- Work to complete -
Everything in the listing below should be repeated verbatim, apart from the pictures.

- Supplied information -
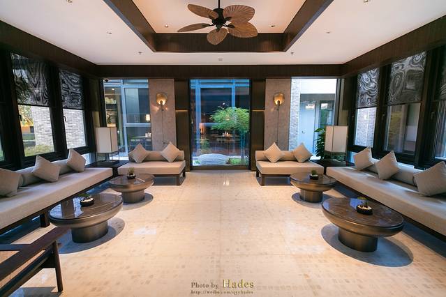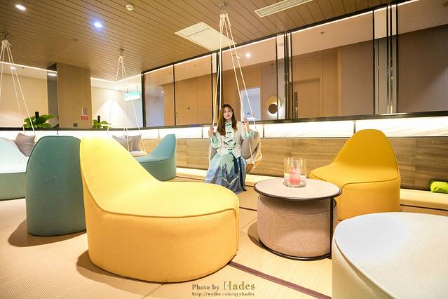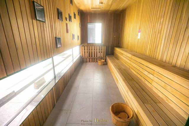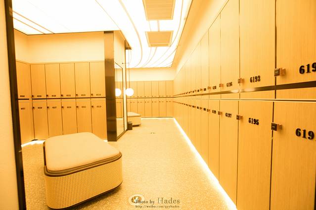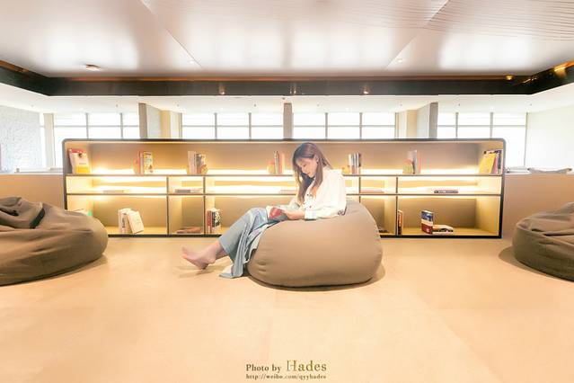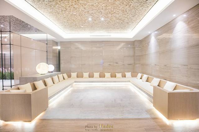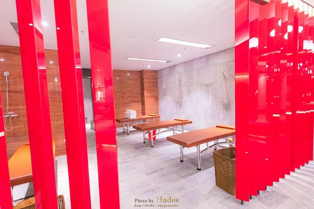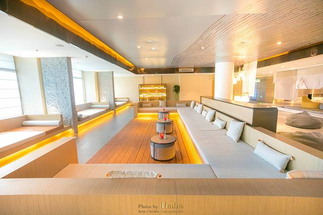 需要注意的是,二层部分是属于干区,不能穿泳衣进入,需要在一层换好浴袍再行前往。二层的座椅、沙发基本都是软包,空间大,灯光舒适,无论是拍照、看书还是小憩都很舒适。
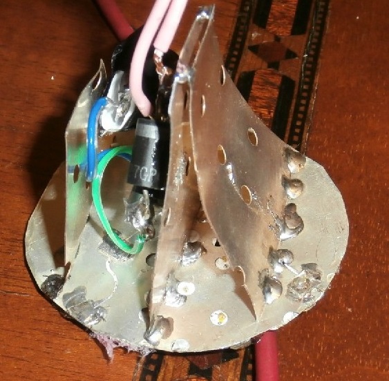 Questo aumento notevole del calore da smaltire potrebbe ridurre la durata nel tempo dei LED. Ho quindi realizzato con la stessa lamina, sul retro del circuito, delle rudimentali alette tra le quali ha trovato spazio il ponte di diodi, il condensatore di livellamento e la resistenza serie.
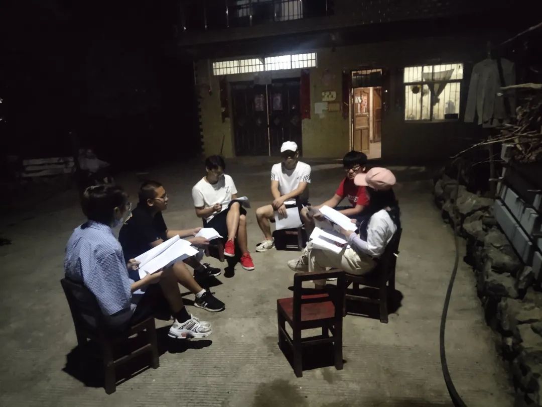 为了此次实践,小组成员都做了充足的准备,并做了多次会议讨论。小组集结前线上也进行了多次讨论。到达金龙村之后,团队通过白天初步的走勘了解到了一些情况,夜晚时分立即进行了会议讨论,会议中强调实践中所要注意事项及安全问题,并与金龙村村委会确定实际的行程。

- Exercise solution -
 需要注意的是,二层部分是属于干区,不能穿泳衣进入,需要在一层换好浴袍再行前往。二层的座椅、沙发基本都是软包,空间大,灯光舒适,无论是拍照、看书还是小憩都很舒适。
 Questo aumento notevole del calore da smaltire potrebbe ridurre la durata nel tempo dei LED. Ho quindi realizzato con la stessa lamina, sul retro del circuito, delle rudimentali alette tra le quali ha trovato spazio il ponte di diodi, il condensatore di livellamento e la resistenza serie.
 为了此次实践,小组成员都做了充足的准备,并做了多次会议讨论。小组集结前线上也进行了多次讨论。到达金龙村之后,团队通过白天初步的走勘了解到了一些情况,夜晚时分立即进行了会议讨论,会议中强调实践中所要注意事项及安全问题,并与金龙村村委会确定实际的行程。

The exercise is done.